WHAT NEEDS TO BE DONE: There are pictures in the records below; leave them out and set down exactly the lines from the one holding "The PTC Summer" through the one holding "of the lot. |".
* * *
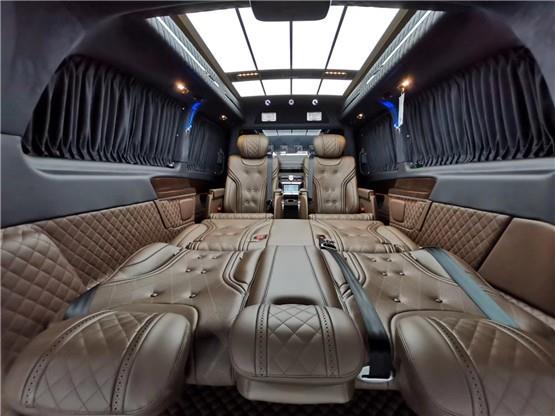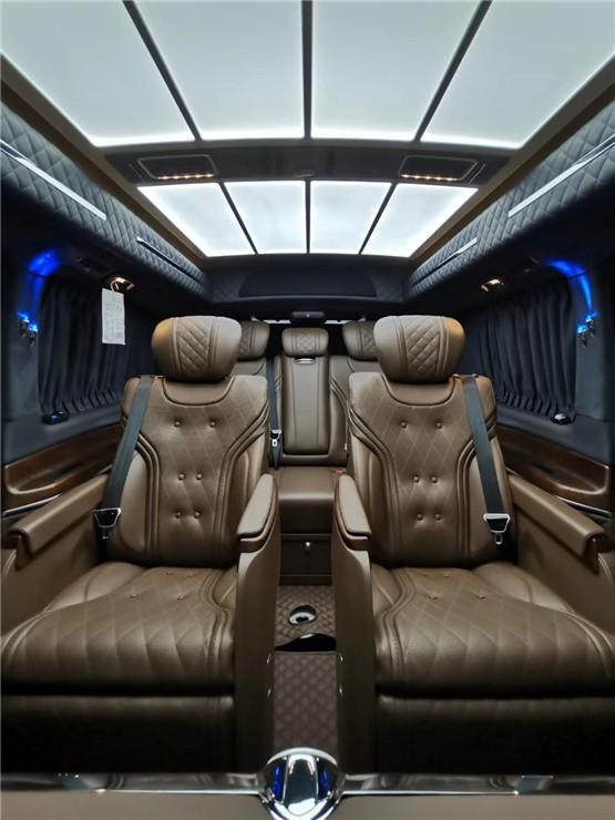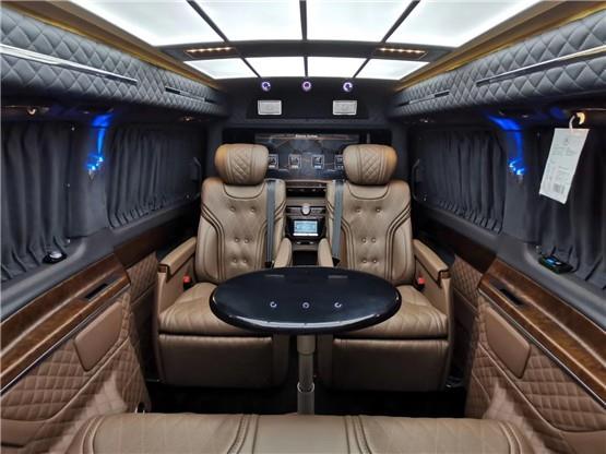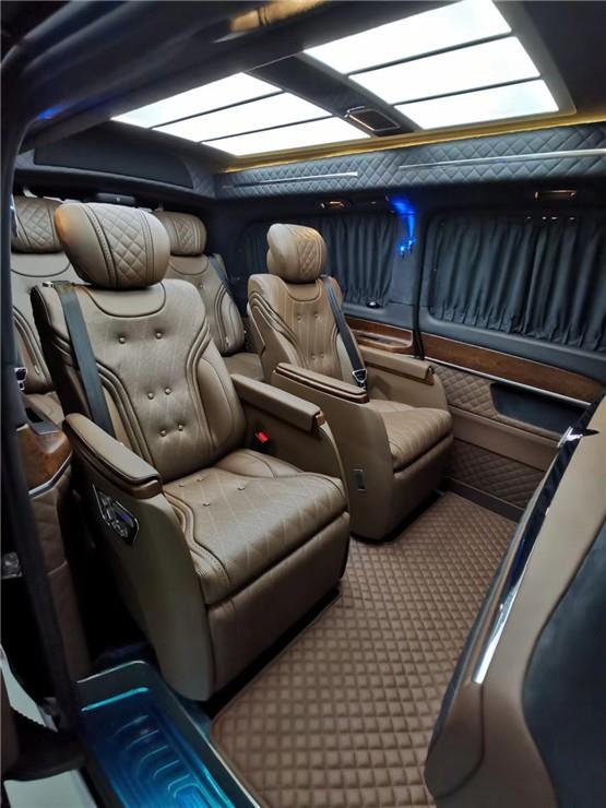 奔驰V260L改装全隔断迈巴赫版VS680第二排座椅采用两个迈巴赫62S首长级座椅,带加热,按摩,通风,一键式电动调节记忆等功能。奔驰V260L改装全隔断迈巴赫版VS680座椅符合人体工程学设计,同时带有电动椅背调节,电动头枕,电动前后调节,180度旋转,一键式伸缩腿托功能,带来头等舱级舒适体验,,私家客厅级后舱体验,180度旋转后可以与第三排电动沙发床进行无缝拼接,满足两个成年人一个小孩的正常休息,带来卧室级舒适享受。
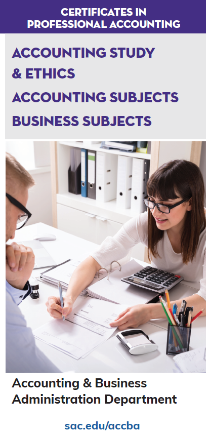 Santa Ana College may have a program to help you meet the educational requirements to sit for the CPA exam. The college offers evening, online & hybrid courses making our programs a cost-effective option available for full-time professionals. Three certificates have been put together to reflect three major groupings of the educational requirements set forth by the California Board of Accountancy. The three certificates are as follows:
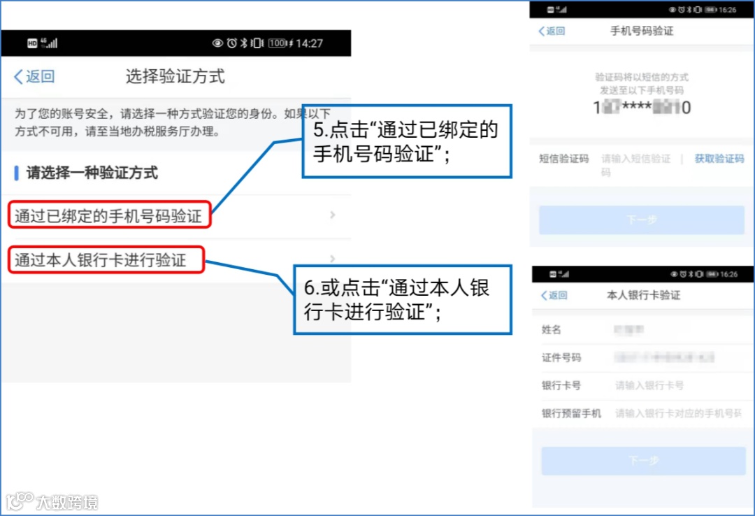 可选择“通过已绑定的手机号码验证”或“通过本人银行卡进行验证”任意一种方式进行验证。
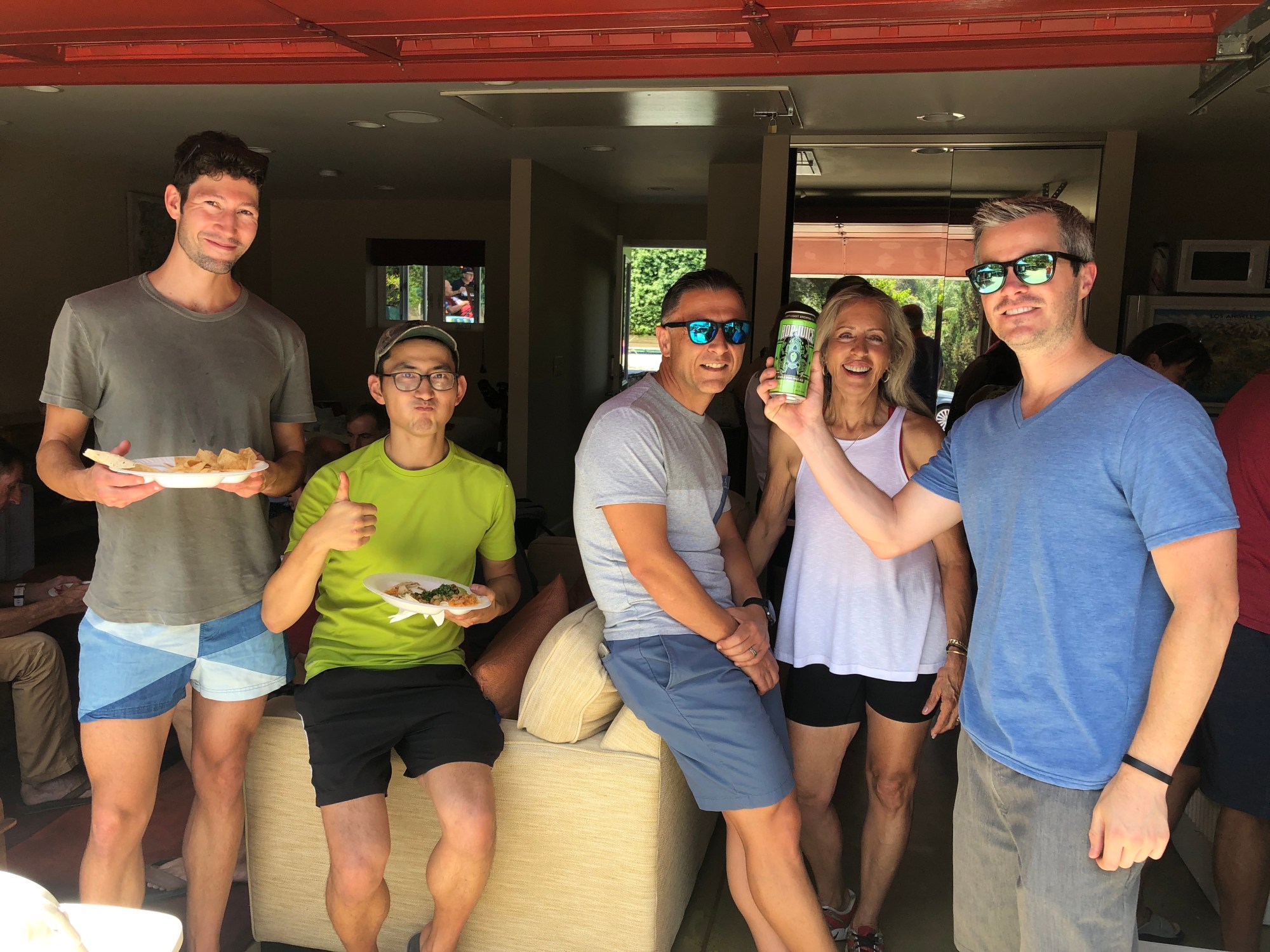The PTC Summer Party was a blast. Special Thanks to Bob and Brigette Montes for hosting the party at their lovely home! The Saturday ride to Mt. Wilson started and ended at Casa Montes. The garage AirBnb provided showers and freshness after the ride. Kids jumped in the pool, while the adults chilled on Jamba Juice smoothies, white wine sangria, beers of all sorts, red and white wine, and Aloe GLOE! For lunch we had a Taco Truck. Carnitas, asada, pollo. Salsa Mild, Hot and HOT HOT. Apple pies, cookies. Stuffed.
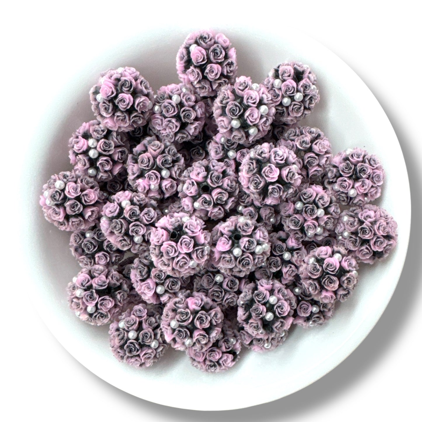 W406 - 20mm "Deep Purple With Pearls Daisy" Bead (1 Count)
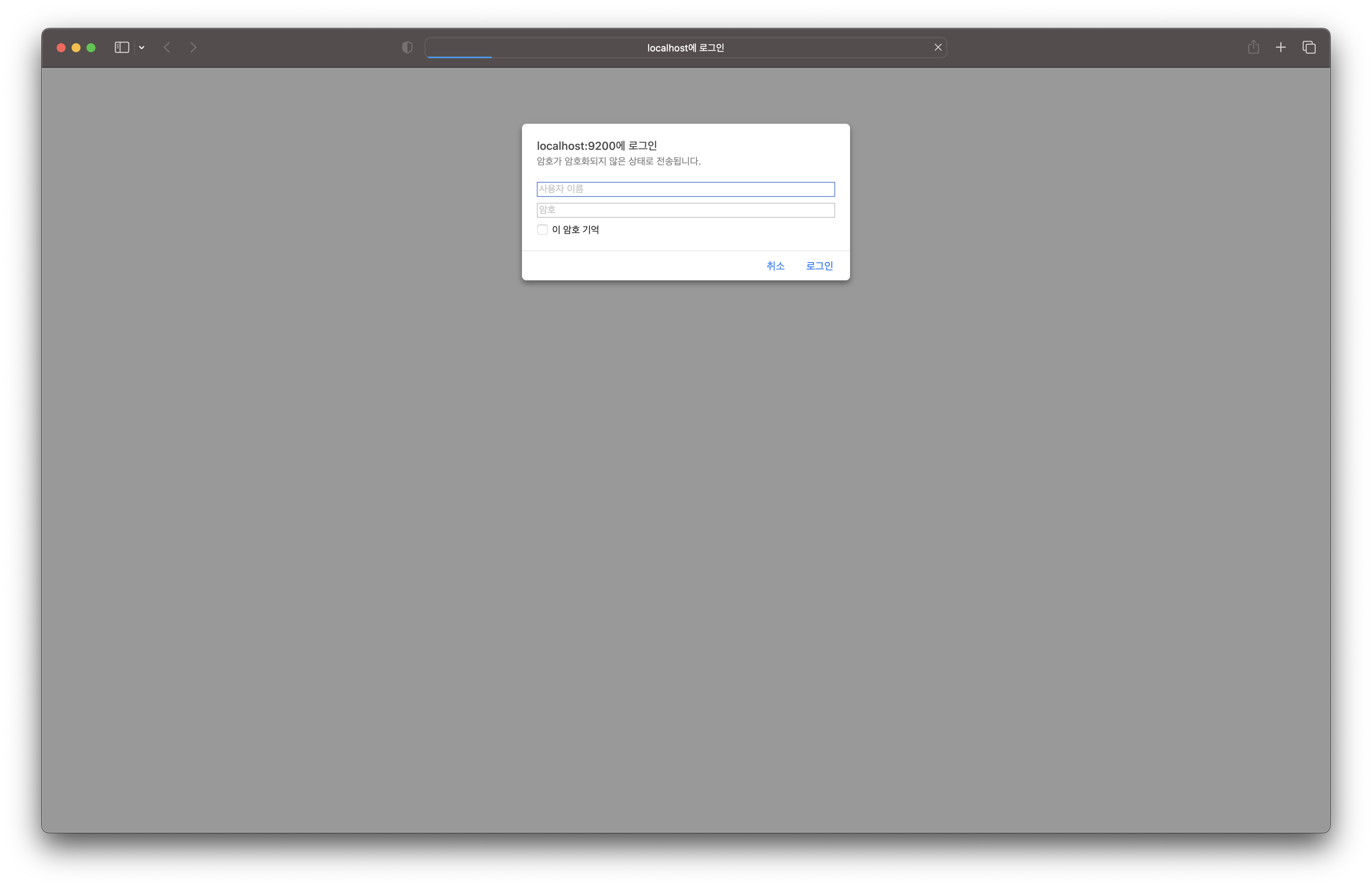 그랬더니 ID/PW를 입력하라고 나오네요. 프로젝트의 .env 파일에 보면 ID: elastic / PW: changeme 라고 나옵니다. 입력해 주면 클러스터 정보가 정상적으로 출력되는 것을 확인할 수 있습니다.
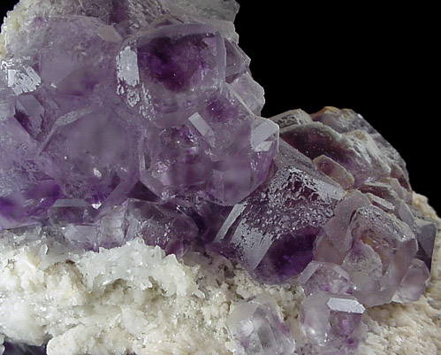 | Description: | Complex fluorite crystals up to 30 mm on dolomite matrix of colorless quartz crystals up to 20 mm and minor pyrite. The fluorite crystals are cubic with dodecahedral edge faces and are water-clear with purple centers.The largest of the lot. |
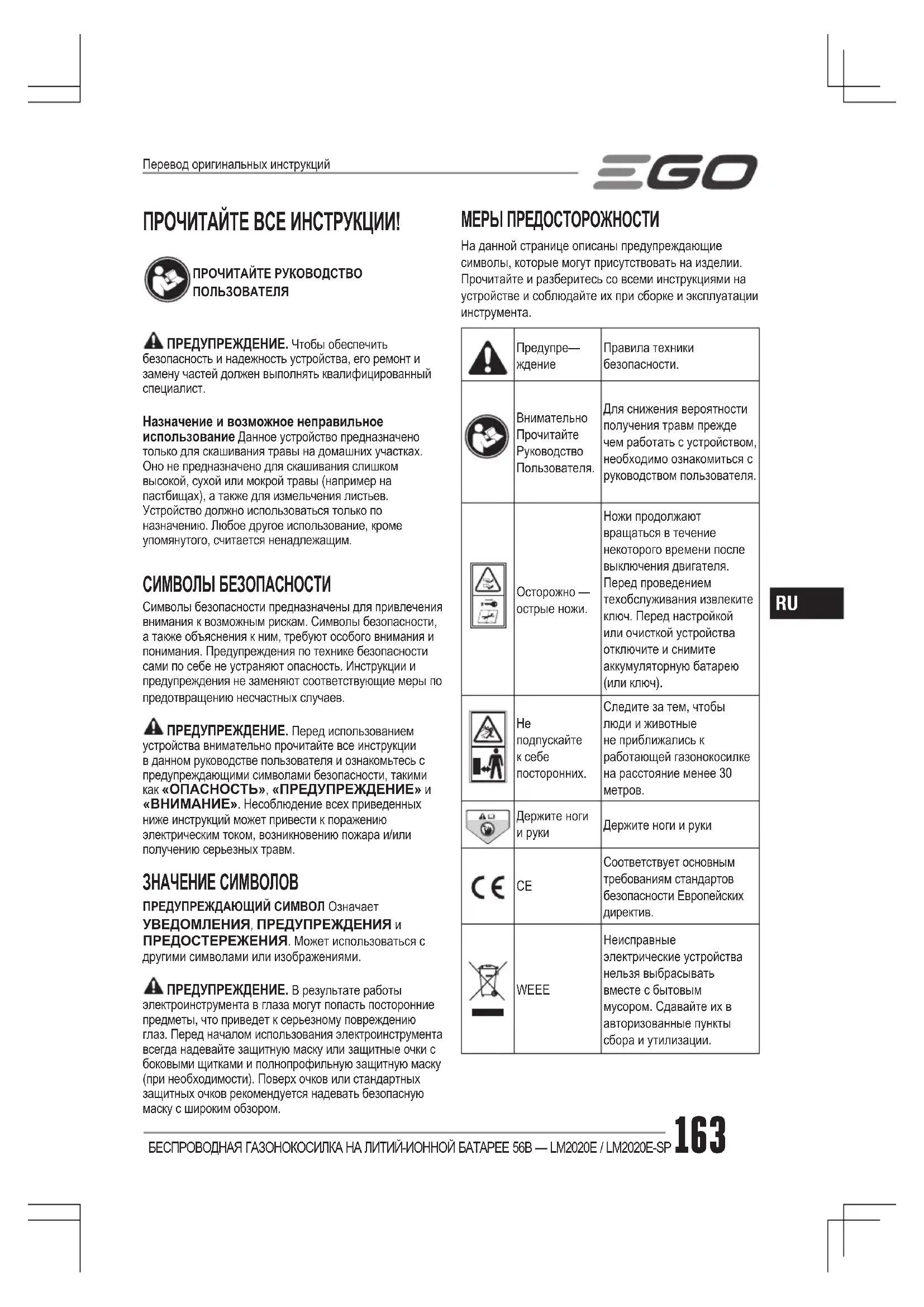 ПРОЧИТАЙТЕ ВСЕ ИНСТРУКЦИИ! ПРОЧИТАЙТЕ РУКОВОДСТВО ПОЛЬЗОВАТЕЛЯ ПРЕДУПРЕЖДЕНИЕ. Чтобы обеспечить безопасность и надежность устройства, его ремонт и замену частей должен выполнять квалифицированный специалист. Назначение и возможное неправильное использование Данное устройство предназначено только для скашивания травы на домашних участках. Оно не предназначено для скашивания слишком высокой, сухой или мокрой травы (например на пастбищах), а также для измельчения листьев. Устройство должно использоваться только по назначению. Любое другое использование, кроме упомянутого, считается ненадлежащим. СИМВОЛЫ БЕЗОПАСНОСТИ Символы безопасности предназначены для привлечения внимания к возможным рискам. Символы безопасности, а также объяснения к ним, требуют особого внимания и понимания. Предупреждения по технике безопасности сами по себе не устраняют опасность. Инструкции и предупреждения не заменяют соответствующие меры по предотвращению несчастных случаев. ПРЕДУПРЕЖДЕНИЕ. Перед использованием устройства внимательно прочитайте все инструкции в данном руководстве пользователя и ознакомьтесь с предупреждающими символами безопасности, такими как «ОПАСНОСТЬ», «ПРЕДУПРЕЖДЕНИЕ» и «ВНИМАНИЕ». Несоблюдение всех приведенных ниже инструкций может привести к поражению электрическим током, возникновению пожара и/или получению серьезных травм. ЗНАЧЕНИЕ СИМВОЛОВ ПРЕДУПРЕЖДАЮЩИЙ СИМВОЛ Означает УВЕДОМЛЕНИЯ, ПРЕДУПРЕЖДЕНИЯ и ПРЕДОСТЕРЕЖЕНИЯ. Может использоваться с другими символами или изображениями. ПРЕДУПРЕЖДЕНИЕ. В результате работы электроинструмента в глаза могут попасть посторонние предметы, что приведет к серьезному повреждению глаз. Перед началом использования электроинструмента всегда надевайте защитную маску или защитные очки с боковыми щитками и полнопрофильную защитную маску (при необходимости). Поверх очков или стандартных защитных очков рекомендуется надевать безопасную маску с широким обзором. МЕРЫ ПРЕДОСТОРОЖНОСТИ На данной странице описаны предупреждающие символы, которые могут присутствовать на изделии. Прочитайте и разберитесь со всеми инструкциями на устройстве и соблюдайте их при сборке и эксплуатации инструмента.Предупре— ждениеПравила техники безопасности.Внимательно Прочитайте Руководство Пользователя.Для снижения вероятности получения травм прежде чем работать с устройством, необходимо ознакомиться с руководством пользователя.Осторожно — острые ножи.Ножи продолжают вращаться в течение некоторого времени после выключения двигателя. Перед проведением техобслуживания извлеките ключ. Перед настройкой или очисткой устройства отключите и снимите аккумуляторную батарею (или ключ). подпускайте к себе посторонних.Следите за тем, чтобы люди и животные не приближались к работающей газонокосилке на расстояние менее 30 метров.Держите ноги и рукиДержите ноги и руки Соответствует основным требованиям стандартов безопасности Европейских директив.WEEE Неисправные электрические устройства нельзя выбрасывать вместе с бытовым мусором. Сдавайте их в авторизованные пункты сбора и утилизации.Перевод оригинальных инструкцийБЕСПРОВОДНАЯ ГАЗОНОКОСИЛКА НА ЛИТИЙ-ИОННОЙ БАТАРЕЕ 56В — LM2020E / LM2020E-SP164
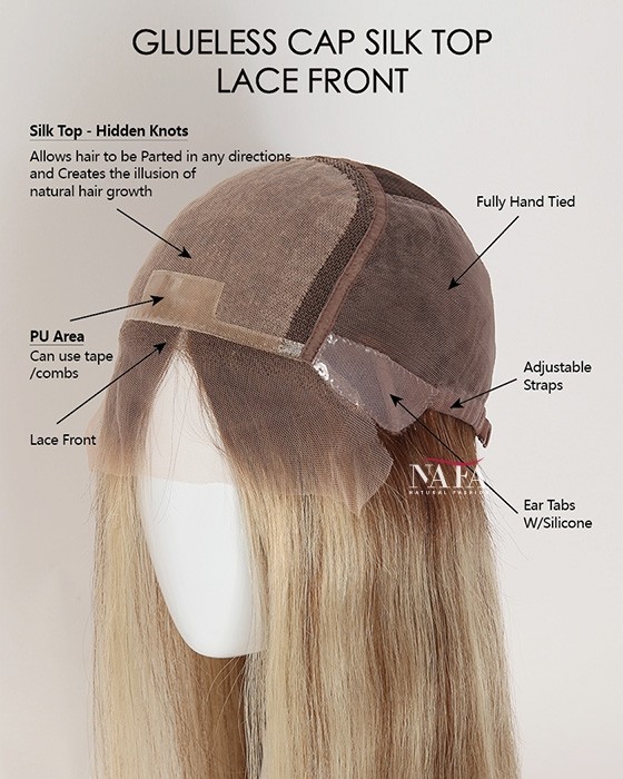 Cap Construction: Lace front glueless cap with silk top, non-slip in sides
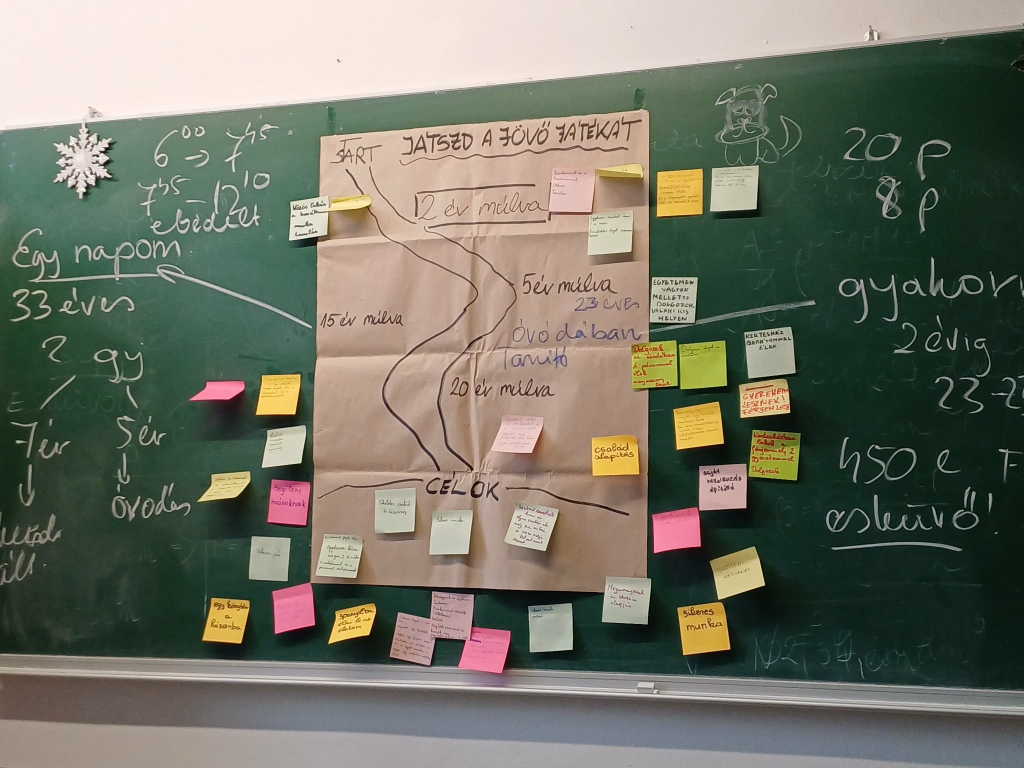 Mindenki a saját elképzeléseit írja fel egy post it-re amit felrakunk az útvonalra.
* * *
RESPONSE TO THIS EXERCISE:
The PTC Summer Party was a blast. Special Thanks to Bob and Brigette Montes for hosting the party at their lovely home! The Saturday ride to Mt. Wilson started and ended at Casa Montes. The garage AirBnb provided showers and freshness after the ride. Kids jumped in the pool, while the adults chilled on Jamba Juice smoothies, white wine sangria, beers of all sorts, red and white wine, and Aloe GLOE! For lunch we had a Taco Truck. Carnitas, asada, pollo. Salsa Mild, Hot and HOT HOT. Apple pies, cookies. Stuffed.
 W406 - 20mm "Deep Purple With Pearls Daisy" Bead (1 Count)
 그랬더니 ID/PW를 입력하라고 나오네요. 프로젝트의 .env 파일에 보면 ID: elastic / PW: changeme 라고 나옵니다. 입력해 주면 클러스터 정보가 정상적으로 출력되는 것을 확인할 수 있습니다.
 | Description: | Complex fluorite crystals up to 30 mm on dolomite matrix of colorless quartz crystals up to 20 mm and minor pyrite. The fluorite crystals are cubic with dodecahedral edge faces and are water-clear with purple centers.The largest of the lot. |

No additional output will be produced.